Activity:
Any picture must be dropped, but each line of the data should be duplicated exactly.

Data block:

----

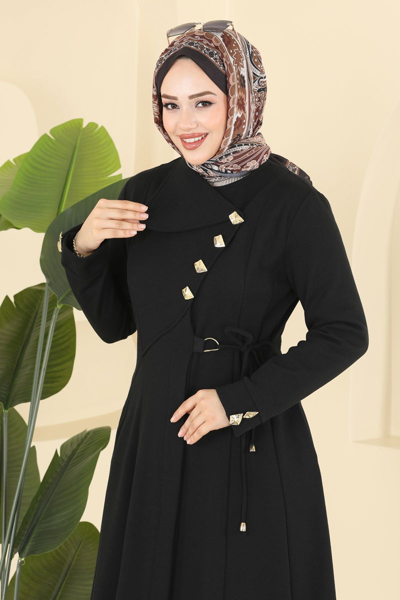 Product Feature : It is a new season hijab fashion product. There is a hidden pocket in the product. Front available buttons and hidden buttons available The product has side usable laces. The product has a asymmetrical double-breasted collar. Unlined. Cuff buttons are accessories. There may be a tonal difference in the product due to concept photo shoots.
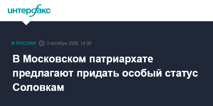 Москва. 3 октября. INTERFAX.RU - Эксперты считают важным как можно скорее определить особый статус Соловецких островов. "До тех пор, пока проблема статуса не будет определена, нормальной реставрационной, природоохранной деятельности и развития инфраструктуры там начаться не может", - заявил на пресс-конференции в пятницу гендиректор Паломнического центра Московского патриархата Сергей Житенев.
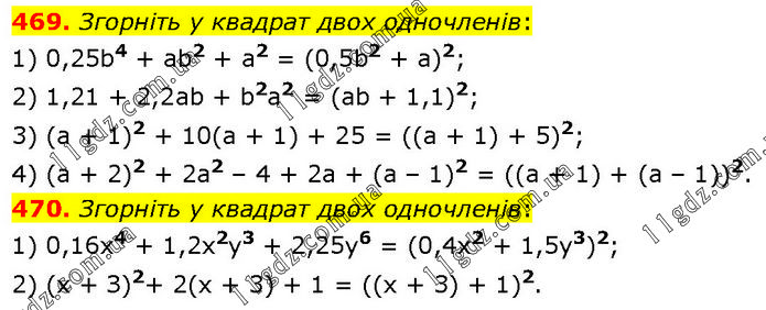 469. Згорніть у квадрат двох одночленів: 1) 0,25b4 + аb2 + а2 = (0,5b2 + a)2; 2) 1,21 + 2,2аb + b2а2 = (ab + 1,1)2; 3) (а + 1)2 + 10(а + 1) + 25 = ((a + 1) + 5)2; 4) (а + 2)2 + 2а2 – 4 + 2а + (а – 1)2 = ((a + 1) + (a – 1))2. 470. Згорніть у квадрат двох одночленів: 1) 0,16x4 + 1,2х2у3 + 2,25y6 = (0,4x2 + 1,5y3)2; 2) (x + З)2+ 2(x + 3) + 1 = ((x + 3) + 1)2.
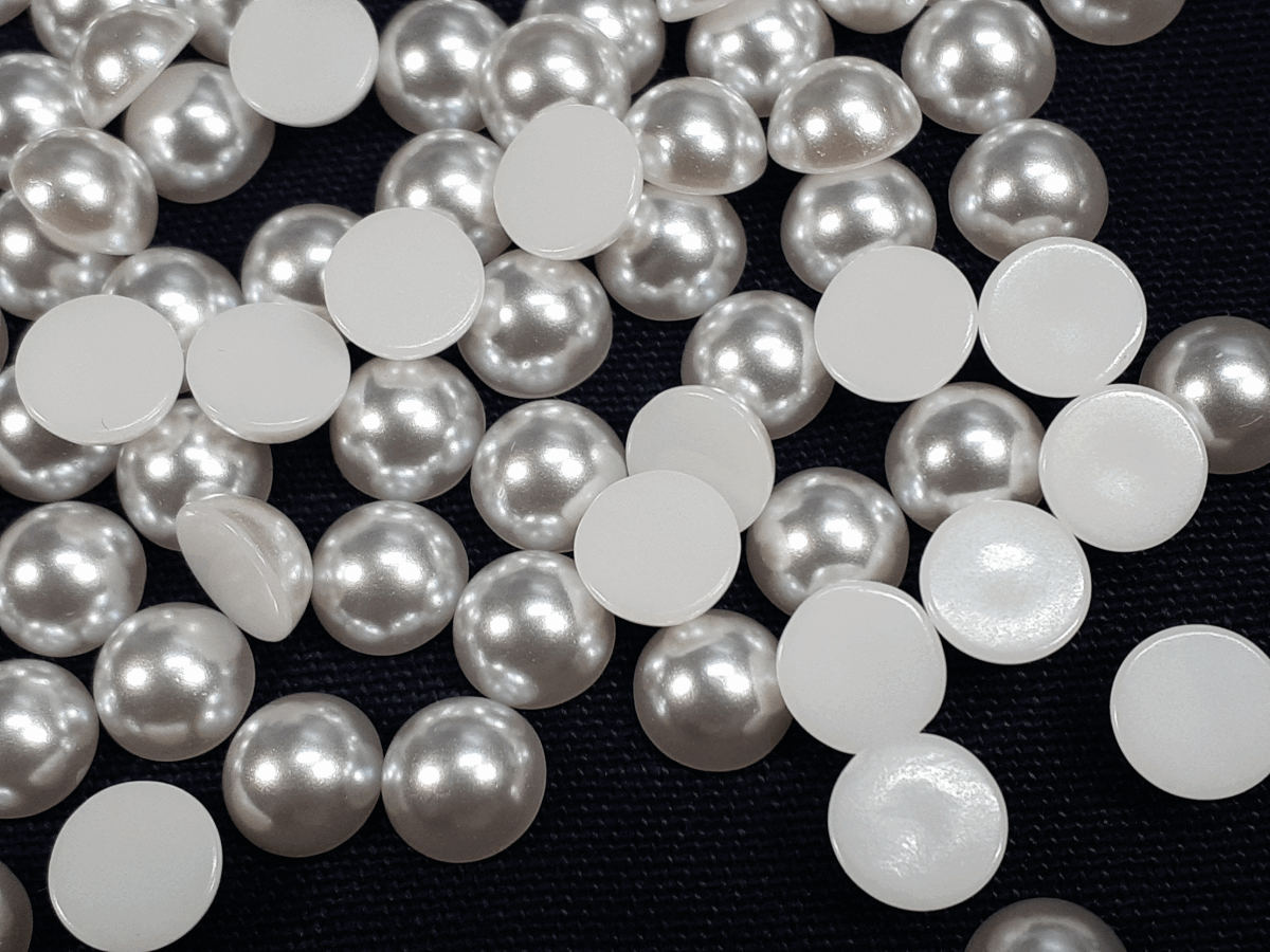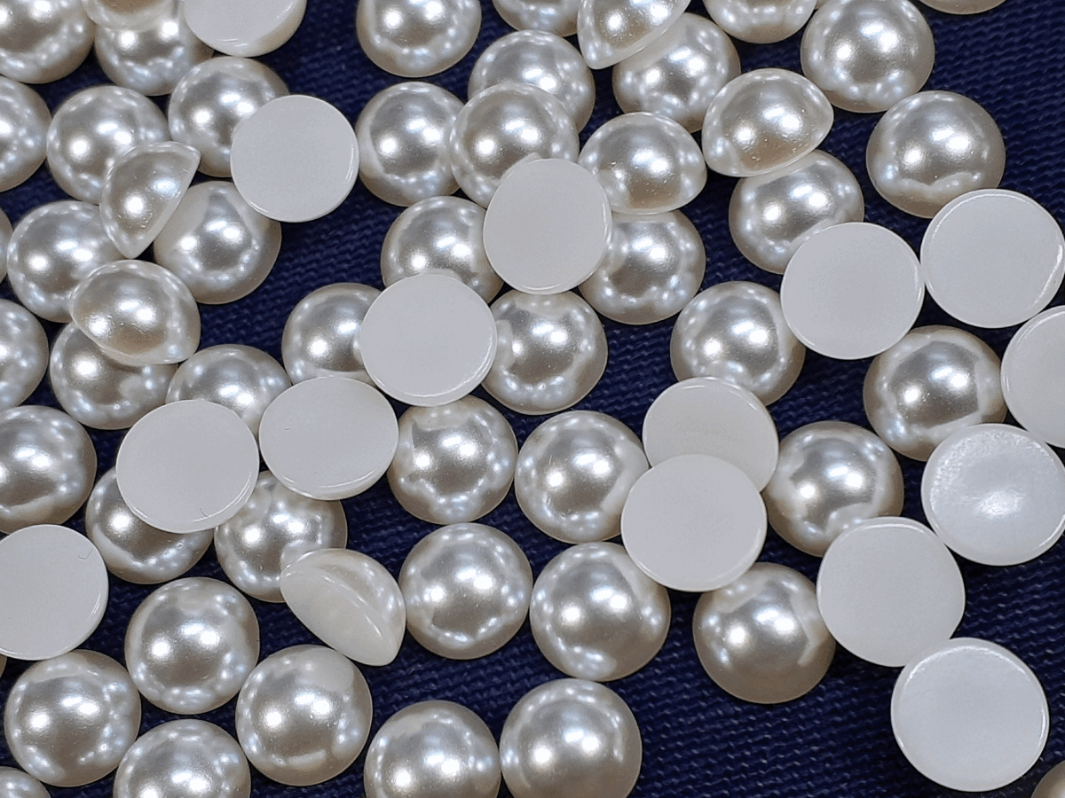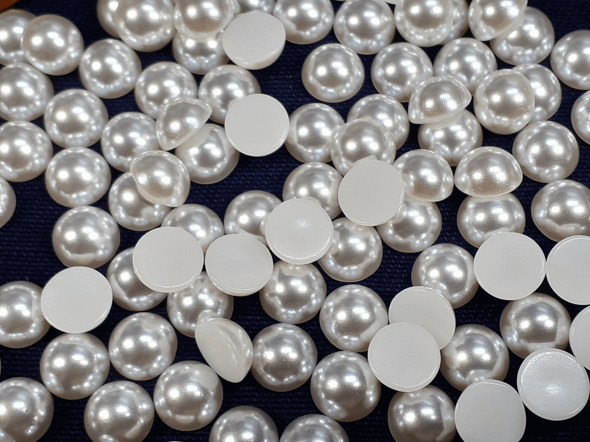 商品の ご説明 7mm 半丸 500個 以上です。 色目 白パール 半丸面のみの塗りです。 バリの無い綺麗な玉です。 | ||

----

Task output:
 Product Feature : It is a new season hijab fashion product. There is a hidden pocket in the product. Front available buttons and hidden buttons available The product has side usable laces. The product has a asymmetrical double-breasted collar. Unlined. Cuff buttons are accessories. There may be a tonal difference in the product due to concept photo shoots.
 Москва. 3 октября. INTERFAX.RU - Эксперты считают важным как можно скорее определить особый статус Соловецких островов. "До тех пор, пока проблема статуса не будет определена, нормальной реставрационной, природоохранной деятельности и развития инфраструктуры там начаться не может", - заявил на пресс-конференции в пятницу гендиректор Паломнического центра Московского патриархата Сергей Житенев.
 469. Згорніть у квадрат двох одночленів: 1) 0,25b4 + аb2 + а2 = (0,5b2 + a)2; 2) 1,21 + 2,2аb + b2а2 = (ab + 1,1)2; 3) (а + 1)2 + 10(а + 1) + 25 = ((a + 1) + 5)2; 4) (а + 2)2 + 2а2 – 4 + 2а + (а – 1)2 = ((a + 1) + (a – 1))2. 470. Згорніть у квадрат двох одночленів: 1) 0,16x4 + 1,2х2у3 + 2,25y6 = (0,4x2 + 1,5y3)2; 2) (x + З)2+ 2(x + 3) + 1 = ((x + 3) + 1)2.
 商品の ご説明 7mm 半丸 500個 以上です。 色目 白パール 半丸面のみの塗りです。 バリの無い綺麗な玉です。 | ||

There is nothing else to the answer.